Так точно было и с песенкой, вылетавшей из соседней комнаты. Песенка была самая простая, лилась себе ровно и без претензий, и вдруг поразила слуховой орган Ивана Самойлыча и, сама не зная как, совершенно расстроила все его соображения о смысле и значении жизни, о конечных причинах и так далее, в противоположность конечным причинам, — до бесконечности. И стал было господин Мичулин сам подпевать и звать к себе дрожащим голосом дорогого князя, стал было бить ногою такт и улыбаться и покачивать головою… Но вот тихо-тихо замер последний звук песенки, еще раз, и уж в последний раз, стукнула в такт нога Ивана Самойлыча, еще раз ускоренным шагом стукнуло его сердце, и вдруг ничего не стало слышно, и прежняя темнота опустилась на его душу, прежний холод охватил сердце.

Потому что не он, а другой был тот дорогой князь, которого звала песенка в золотые чертоги, потому что ему наотрез было сказано, "что уж чему не быть, так и уж не бывать, и беспокоиться о том не извольте…"

С горя, чтоб хоть сколько-нибудь рассеять печальные мысли свои, решился он отправиться в общую комнату.

Там в облаках табачного дыма беседовала вся обычная компания Шарлотты Готлибовны.
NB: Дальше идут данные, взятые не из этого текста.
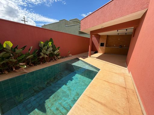 Casa térrea à venda, com 180 m², distribuídos em 3 quartos, sendo 1 suíte, sala ampla e uma varanda gourmet aconchegante, bem equipada e integrada com espaçoso quintal, área verde e piscina.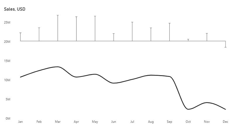You’ll see both the line chart and the error bars, but they overlap. To fix this, move the variance to the top by adjusting the height of the main and secondary Y-axes.

На первом плане плотно сидел Иван Макарыч Пережига. Он был в венгерке весьма лихого покроя и в настоящую минуту курил табак из саженного черешневого чубука. История господина Пережиги весьма проста. Жил он некогда в малороссийской своей деревне, травил зайцев, и вдруг — кто его знает? — запил ли он, проигрался ли в пух, или просто другие какие-нибудь независящие обстоятельства приключились, — только в одно прекрасное утро и зайцы и деревня как-то исчезли, и он принужден был отправиться искать счастья в Петербург. Малый был он видный, сильный и плотный, несмотря на свои сорок лет, и потому не остался долго без занятия… Вообще с тех пор, как он поселился у Шарлотты Готлибовны, благородная немка стала как-то благоприятнее смотреть на мир, чаще улыбалась и несравненно больше послаблений и льгот оказывала нахлебникам.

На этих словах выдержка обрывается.